The song, “Tupelo” from the band’s latest album is a case in point. In it one can hear the influence of both Delta and Hill Country blues. Fulton chuckles when asked for the back story. “The story quite literally started right outside Tupelo—in Pontotoc, actually—where we were playing at the time. The only footwear I wear on stage is boots—we got to the next town and I didn’t have my stage boots, and I was pissed about it. So, I wrote that line, “Left my boots in Tupelo” on my phone and just let it sit there to marinate. I started thinking about how many times the four of us have left stuff everywhere we’ve gone—we’ve left guitars, we’ve left amplifiers, boots, toothbrushes, clothes—everywhere we’ve been. So, it’s just one of those rambling tunes you write in the back of a van about traveling across the country…how you leave a part of yourself wherever you go.”

Listening to Magnolia Bayou, one is immediately blindsided by the band’s high level of musical polish. The sound is as tight and seamless as a Philippe Patek Swiss watch. It’s the kind of musical synchronicity that one expects from a band that has played together for at least a decade or more. When one meets Magnolia Bayou, it is a bit of a shock to realize that the members are in their early to mid-twenties (drummer Feazell being the exception–he is an antediluvian thirty-two). Though young, the Bayou boys have now been together for five years, enough time for the band to become tightly knit, musically and interpersonally. Bands only become this musically integrated by playing and spending a lot of time together. The simple fact is, these guys actually like each other.

Magnolia Bayou photo

Said Fulton, “The four of us can feel it. Regardless of what’s actually going on, the four of us know we’re truly in synch with each other. We are always pushing ourselves, and each other. ‘The last show was great—let’s keep it going—let’s step it up again.’ We always talk about that stuff when we rehearse. We are always trying to one up ourselves and challenge each other individually, and as a unit. Plus, we hang out together—we’re a pack and we like to do stuff together.”
 
If Magnolia Bayou were a stock, it would be a buy and hold. This is a band with a solid upward growth trajectory that might potentially soar for years. According to Fulton, the band has already written enough material for several more albums. “Right now, everything we’ve done to this point is blues and hard rock based.

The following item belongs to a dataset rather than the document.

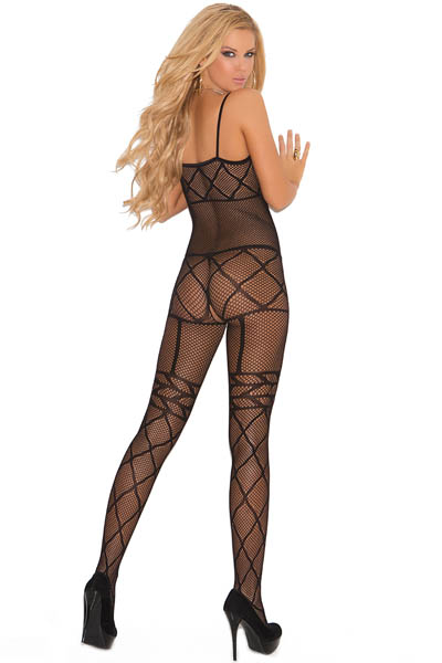 Black fishnet bodystocking with crisscross print detail, spaghetti straps and open crotch.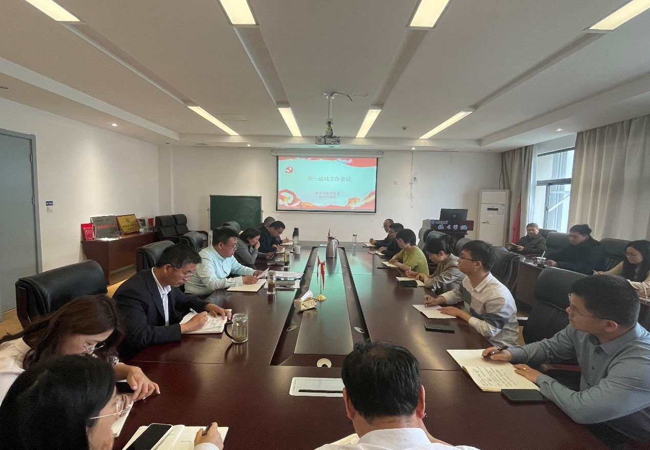 梁忠臣向到会人员通报了学院统战工作的现状,领学了“习近平总书记关于爱国统一战线的重要论述”,解读了《中国共产党统一战线工作条例》。

But we’re transitioning into alternative rock a little more and our music is becoming an eclectic mix.  We aren’t putting ourselves in a musical box at all. At this point, we can either do a real chill album, or we can do an acoustic album, or we can do a country album. Of course, we can always do a hard rock or blues rock album. We are all just really anxious to get back in and start demoing some stuff and recording as soon as possible.  We love writing and recording but playing live is what we live for.”